Data section
-- -- --

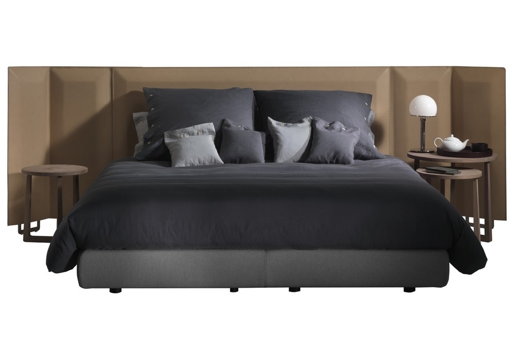 Eden Plus is a bed designed by Antonio Citterio for Flexform. Headboard in leather. Bed base cover available in fabric or leather. Metal legs. Mattress not included.
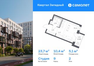 Строим кварталы для жизни с заботой о будущем. Предлагается квартира студия комфорт-класса 23,69 кв.м в корпусе 9 на 2 этаже, в ЖК "Квартал Западный"
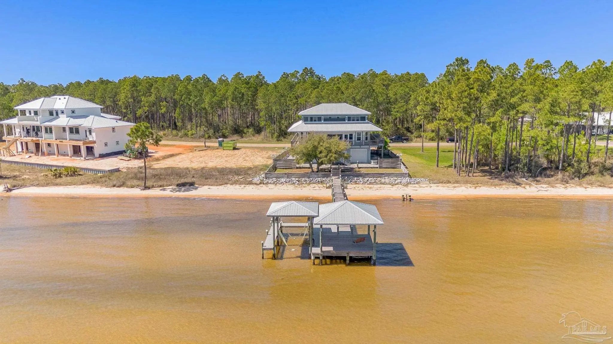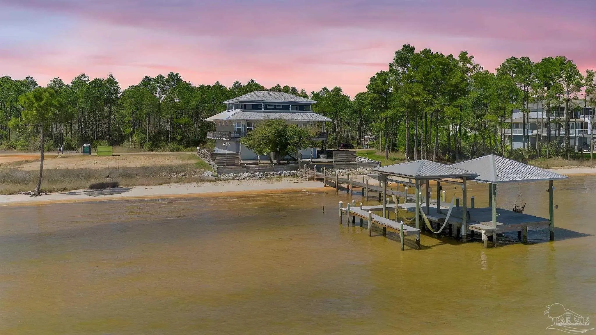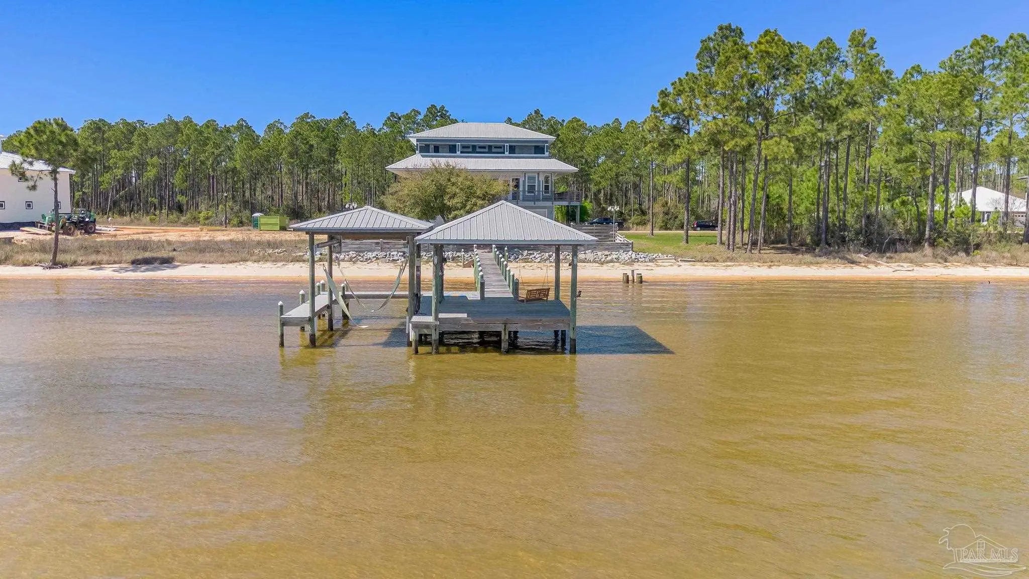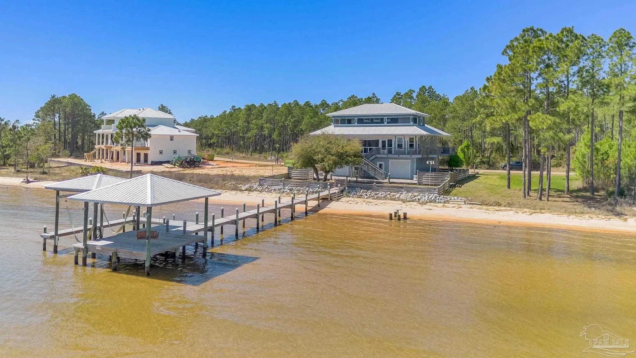 Sunrise to Sunset, the incredible waterfront views. On a clear day you are able to see all the way to Navarre and Midway. Custom built in 2016 this 3 bed 2.5 bath home is a gem you can spend great time with friends and family. Located in the gated community of Sea Pines. You walk in to a grand view of the living room with a kitchen that is meant to host and still feel included. The living room has built in bookshelves along with an electric fireplace. The kitchen has custom cabinetry along with quartz countertops, a large island with cabinets on both sides, a kitchen bar with an under counter ice maker, a second larger island with a sink. The larger island is counter height in the kitchen and bar stool height facing the living room. The main bedroom has a large walk-in closet along with a massive attached bathroom. Large luxury step in shower. Double sink vanity with another walk-in closet. Upstairs are two large bedrooms with an attached bathroom and wet-bar. Both have walk-in closets. The home was built with decking that wraps around the entire home so you do not miss a view. Main deck is screened in with sunshades. Upper deck is screened in and has a built in perch along with storm shutters to close it up. Large boat dock with boat lift. Built in swing on the covered boat dock lets you rest and enjoy the views. There is an elevator that runs from the garage up to the top floor making it easy to bring luggage, or heavy items up and down the home. Large two stall double sided garage with built in shop space and or office space. Must truly see to enjoy.
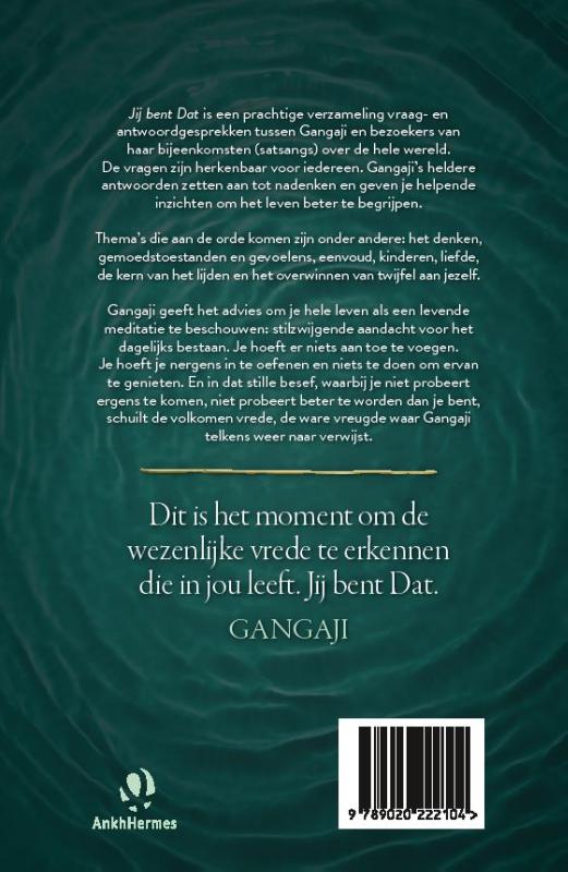 'Jij bent Dat' van Gangaji is een bloemlezing van klassieke uitspraken en helpt antwoorden te vinden op de vragen over ons bestaan. Gangaji, spiritueel leraar van Amerikaanse origine, heeft met haar workshops en lezingen het leven van velen blijvend veranderd. 'Jij bent Dat' geeft inzichten en helpt ons antwoorden te vinden op de vragen die in het leven op ons afkomen. Thema's zijn onder andere: het denken, de kern van het lijden, het overwinnen van twijfel aan jezelf. Gangaji weet zoekers uit alle windstreken, helder en direct tot de kern te brengen. Haar uitleg helpt ons om zelftwijfel te overwinnen en een dieper begrip van ons eigen grenzeloze bewustzijn te ontwikkelen. Vaak zijn er onverwachte momenten van ontwaken. 'Dit is het uur van de waarheid,' zegt ze. 'Vat het niet te licht op. Besef dat je je hoe dan ook bewust bent van de mogelijkheid de waarheid van jezelf als grenzeloos bewustzijn te realiseren. Jij bent Dat.'
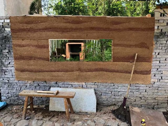 团队配置了几种不同色材料,以便观察它们的性能区别,了解了夯土过程中需要注意的细节。夯土目标在于除去土壤间隙,排除空气,使墙面各处疏密均匀,因此模具至关重要。在使用老师制作改良的夯土器具过程中,团队成员感受到了传承的重要性。改良后的木质模具,简单易造,材料易取,操作方便,便于推广。午后,团队开始进行竹片墙抹面工作,学习了抹面手法。泥土以及其配料均来源于自然界,无化学产品添加。其中,泥土是多孔隙材料,不会封闭墙体,能调节室内空气湿度。泥土饰面可呈现出自然材料特有的天然质感,给人一种亲切的感受。
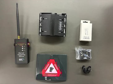 Power the manual trigger device: Insert the battery into the manual trigger device and turn it on.
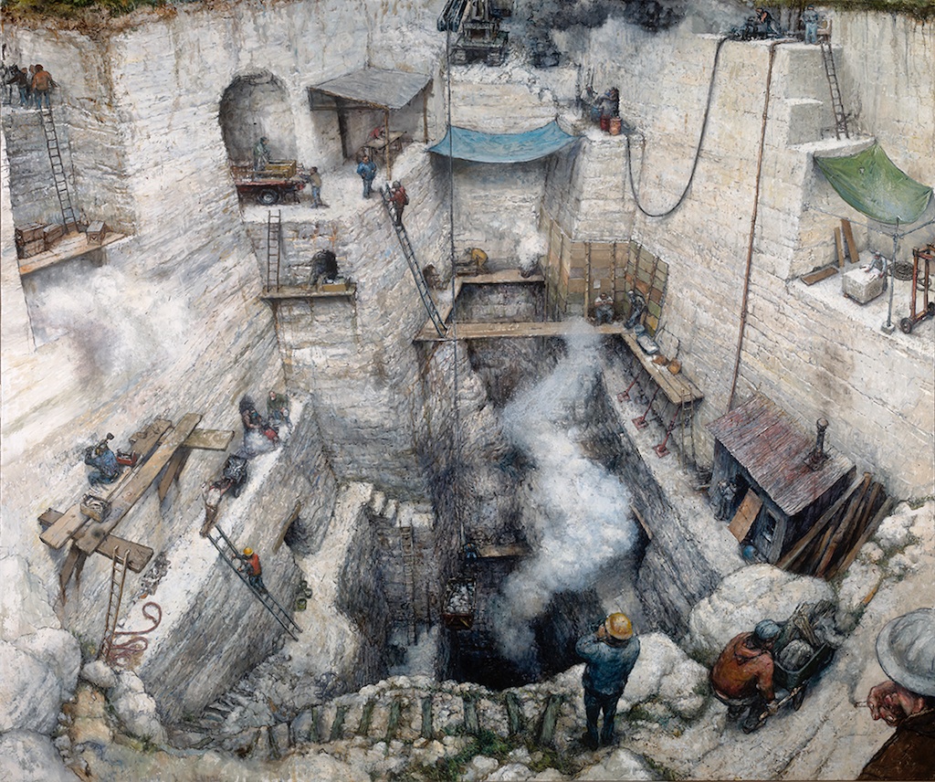 In At the Bottom of the World (2014), we are the omniscient viewers of the depths of a mine’s pit, a scene that suggests a high-rise building project in reverse: like de-construction workers, the miners are engaged in a continuous (and seemingly precarious) process of making negative space. Under a green tarpaulin at right, a man leans over a massive block of stone. (Arnold has cleverly situated his signature and the date in an inscription carved on the side of the block.) Improbably, a rat skulks nearby as other workers eat, smoke, hammer at the walls of rock, or perch on ladders and scaffolding, their Bruegel-esque ballet of activities orbiting around a deep, black, seemingly bottomless hole. A wisp of smoke emerging from the depths hints at the unseen, hellish world far below.
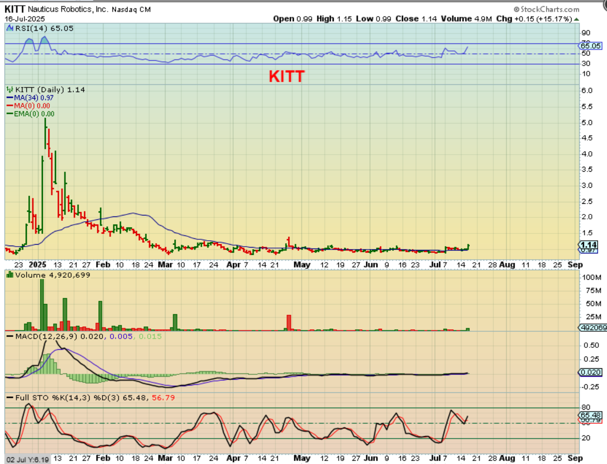 KITT (also Robotics) – I also mentioned KITT in the comments yesterday, but I didn’t post a chart along with it, so here is the chart after the close. Seems to me that a stock like this could easily double or triple (or more) if it gets going.
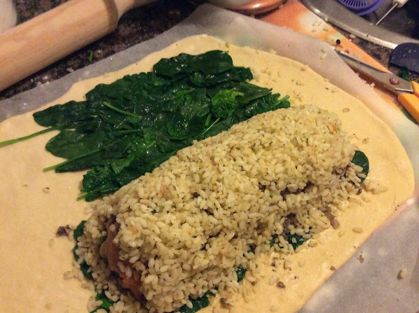 Después, pondremos otra capa de arroz y otra de hojas de espinaca, esta última podemos ponerla sobre la masa.
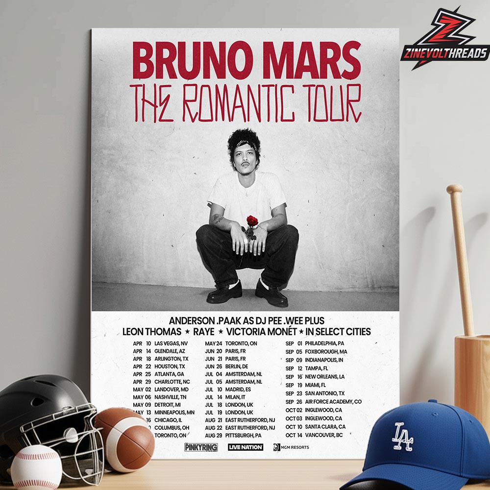 Product Highlights: Wall Art Featuring Bruno Mars Officially Announced The Romantic Tour Kick Off On April 10th 2026 Home Decor Poster Canvas
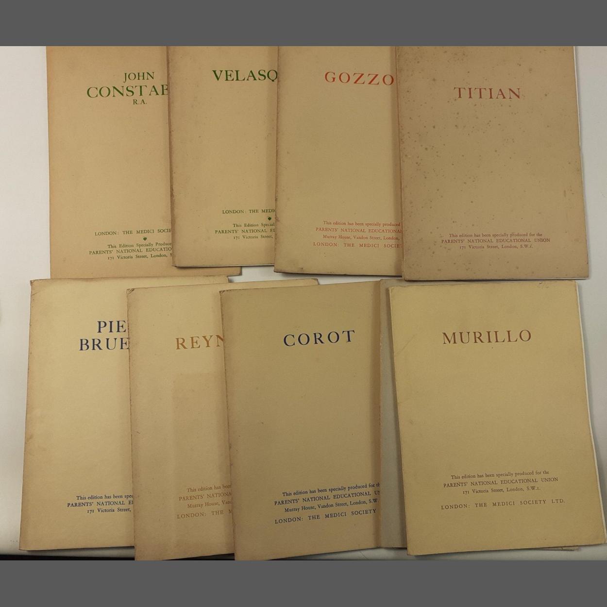 The life and work of various outstanding artists presented as colour plates in cord binding produced by The Medici Society Ltd / Parents National Educational Union, London in the 1950s. Artists include JOHN CONSTABLE English School, MURILLO Spanish School, DURER German School, TITIAN Venetian School, GOZZOLI Florentine School, VELASQUEZ Spanish School, FRANS HALS Dutch School, PIETER BRUEGHEL Flemish School, REYNOLDS British School and COROT French School. These books are presented with six colour plates of each artist's work and are in generally good condition

-- -- --

Assignment
Starting at the line containing "Jij bent Dat.'" and finishing at the line containing "In At the Bottom", return those lines exactly as they appear above, without the pictures.

Exercise output
 'Jij bent Dat' van Gangaji is een bloemlezing van klassieke uitspraken en helpt antwoorden te vinden op de vragen over ons bestaan. Gangaji, spiritueel leraar van Amerikaanse origine, heeft met haar workshops en lezingen het leven van velen blijvend veranderd. 'Jij bent Dat' geeft inzichten en helpt ons antwoorden te vinden op de vragen die in het leven op ons afkomen. Thema's zijn onder andere: het denken, de kern van het lijden, het overwinnen van twijfel aan jezelf. Gangaji weet zoekers uit alle windstreken, helder en direct tot de kern te brengen. Haar uitleg helpt ons om zelftwijfel te overwinnen en een dieper begrip van ons eigen grenzeloze bewustzijn te ontwikkelen. Vaak zijn er onverwachte momenten van ontwaken. 'Dit is het uur van de waarheid,' zegt ze. 'Vat het niet te licht op. Besef dat je je hoe dan ook bewust bent van de mogelijkheid de waarheid van jezelf als grenzeloos bewustzijn te realiseren. Jij bent Dat.'
 团队配置了几种不同色材料,以便观察它们的性能区别,了解了夯土过程中需要注意的细节。夯土目标在于除去土壤间隙,排除空气,使墙面各处疏密均匀,因此模具至关重要。在使用老师制作改良的夯土器具过程中,团队成员感受到了传承的重要性。改良后的木质模具,简单易造,材料易取,操作方便,便于推广。午后,团队开始进行竹片墙抹面工作,学习了抹面手法。泥土以及其配料均来源于自然界,无化学产品添加。其中,泥土是多孔隙材料,不会封闭墙体,能调节室内空气湿度。泥土饰面可呈现出自然材料特有的天然质感,给人一种亲切的感受。
 Power the manual trigger device: Insert the battery into the manual trigger device and turn it on.
 In At the Bottom of the World (2014), we are the omniscient viewers of the depths of a mine’s pit, a scene that suggests a high-rise building project in reverse: like de-construction workers, the miners are engaged in a continuous (and seemingly precarious) process of making negative space. Under a green tarpaulin at right, a man leans over a massive block of stone. (Arnold has cleverly situated his signature and the date in an inscription carved on the side of the block.) Improbably, a rat skulks nearby as other workers eat, smoke, hammer at the walls of rock, or perch on ladders and scaffolding, their Bruegel-esque ballet of activities orbiting around a deep, black, seemingly bottomless hole. A wisp of smoke emerging from the depths hints at the unseen, hellish world far below.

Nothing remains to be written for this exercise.